Woot had a sale on the Champion 100692 2k watt inverter generator for $339. That was a pretty good deal on that model. I was tempted but decided to pass. When I saw the deal on the Pulsar, I picked one up. More power for $60 less and with free shipping. Looks like I'm ordering another NGK plug. I don't even run the new inverters now before replacing the plug. 

That's a great idea about having a loaner. My girlfriend's father is on O2 and he cannot be without electricity. An inverter of this size would be plenty powerful enough to run the oxygen machine and a few other items, should it come to that. My elderly next door neighbors, after Ida, had no power and were just sitting in the dark and heat. I wish I had known. I'd have rolled my Firman over and connected the fridge and some lights, at the least.


----------



## ronskal (Feb 18, 2021)

I saw this and picked one up. Hard to beat 52% off plus I had a gift card so I am into it for US $102. 
I was looking for a second Yamaha EF2000 or a Honda EU2200 but had to jump on it.
These are the same as the Westinghouse & Generac 2200W units sold for over $500.
It's a Chinese unit made by Ducar, I figure once I get past 5 hours I can trust it. Home Depot gives you 30 days to return so I am testing before that window closes.
It does parallel with my Yamaha EF2000ISV2 but the Pulsar needs to be the prime unit. 
Has an 80CC Yamaha clone that runs hard at full power, 5000 RPM. Load testing once you go past the rated 1800W it goes Red and shutdown is imminent.
In spite of its limitations, highly recommended at US $279.


----------



## LaSwamp (Mar 16, 2021)

ronskal said:


> I saw this and picked one up. Hard to beat 52% off plus I had a gift card so I am into it for US $102.
> I was looking for a second Yamaha EF2000 or a Honda EU2200 but had to jump on it.
> These are the same as the Westinghouse & Generac 2200W units sold for over $500.
> It's a Chinese unit made by Ducar, I figure once I get past 5 hours I can trust it. Home Depot gives you 30 days to return so I am testing before that window closes.
> ...


That's the one I ordered. For $279 with free shipping, I couldn't pass it up. I have a Wen 2225 inverter that's about the same size as this one. They should parallel together nicely. The Pulsar is backordered but it's estimated to be delivered in the next week or two. I wish it had a fuel cutoff to drain the carb, but I've heard there are ways around that.


----------



## Dutchy491 (Sep 18, 2019)

_Has an 80CC Yamaha clone that runs hard at full power, 5000 RPM. _Are you serious? You Want some good oil if that’s true….


----------



## iowagold (Jan 22, 2020)

yea there are shut off valves that can be added easy to any gen.
or just set them up as tri fuel.
lol you would have as much in the tri fuel kit as the gen cost!
but the kit would fit other gens as well.


----------



## LaSwamp (Mar 16, 2021)

Dutchy491 said:


> _Has an 80CC Yamaha clone that runs hard at full power, 5000 RPM. _Are you serious? You Want some good oil if that’s true….

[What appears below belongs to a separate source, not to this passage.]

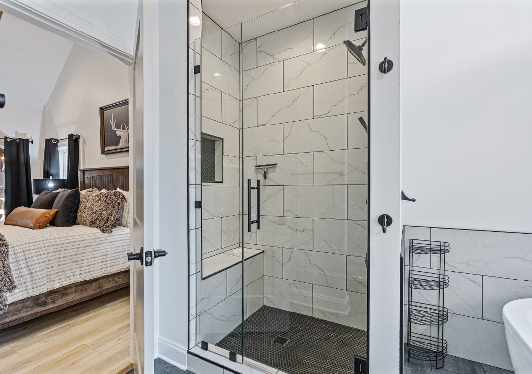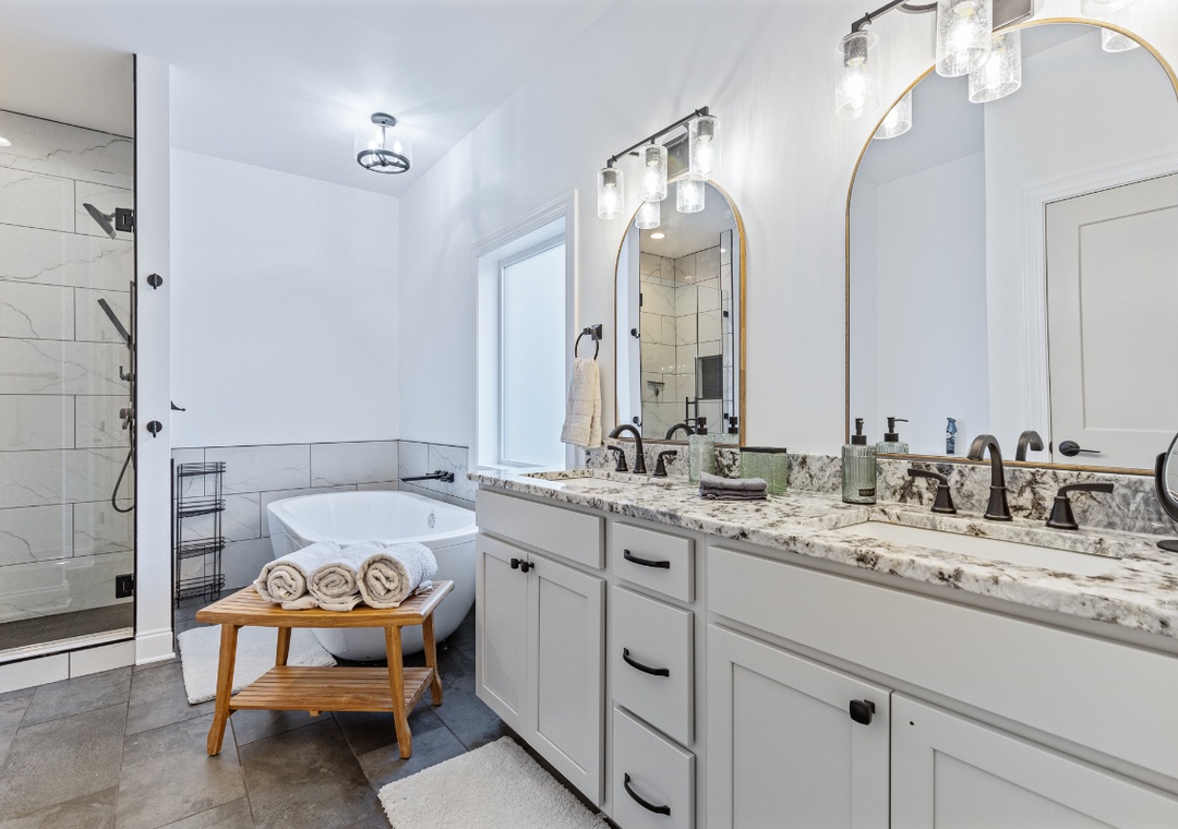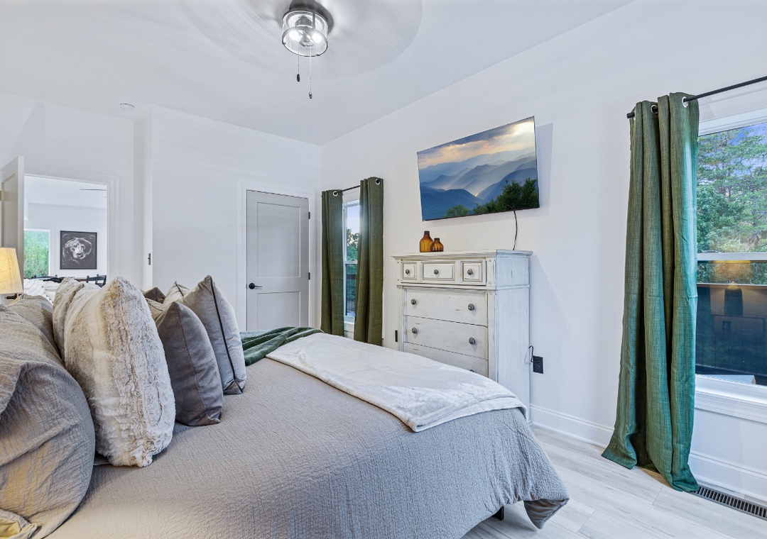 ✔ Bedroom #1 (Main Level): Spacious Bedroom with a King-sized Bed and a Flat-screen TV; Attached Full Bathroom with Stand Up Shower and Separate Soaker Tub

I'm thinking that it probably doesn't run quite that high. Unless there's a NOS version? 

I didn't order the NOS version. You have to pay extra for that.


----------



## ronskal (Feb 18, 2021)

I installed a Tach/Hourmeter and unless it is inaccurate at max load I was at 5000RPM at 1800W.
My Yamaha goes to 4500RPM at Max which is 1600W but it has headroom and can do 1700W.








.


----------



## LaSwamp (Mar 16, 2021)

I got an email from Home Despot advising that there has been a delay in their receiving the generators in stock. They said if they don't have the generators back in stock by 2/3/22, they are canceling my order. I'd rather they send me something comparable. The Ford FG2300is is the same generator, and I even like the color. I don't know if they carry that model, though. Seems they ought to be willing to do right by their customers. I would gladly accept a Honda 2200 for the same money. I'm flexible that way.


----------



## Dutchy491 (Sep 18, 2019)

😂😅🤣🥲


----------



## iowagold (Jan 22, 2020)

lmao on the honda eu2200i on the same price!
"HOW DID THAT GO?"
you have to listen to John boy and Billy in the AM to get that one.
I love the MAD MAX routine on that show...
so funny for sure!

yea these days of customer service i have seen some cool upgrades for sure.
all of my luck if i ordered a caddy they would try to sub a Yugo lol!
Walmart upgrades order on line food if you order the Walmart brand of canned soup 
i have seen them upgrade to the red can name brand!
kinda cool!
and the ratio would be close! 2-3 times the cost.

I wish we all could afford the Hondas....
I am blessed with good equipment right now.
I try to keep the good stuff so i do not have to work on gear that is a problem...
at least for me....
nothing worse that to try to use something and it is broken during an outage event!

now these little low cost inverter gens are kinda cool for a starter gen or a giveaway gen.
just keep in mind most of them do not have the good block for long term use...
and as long as you choose them with the 2 times the gen power you need
you should be ok.
just think spare parts.... and while they are in current production buy spare carbs if they are on the cheap as well.
or for the 200 bucks just buy another new gen as a backup as new in the box!


----------



## speedy2019 (Jan 29, 2019)

I bet thats pretty loud at that RPM, and it get's through a lot of petrol aswel?


----------



## iowagold (Jan 22, 2020)

speedy2019 said:


> I bet thats pretty loud at that RPM, and it get's through a lot of petrol aswel?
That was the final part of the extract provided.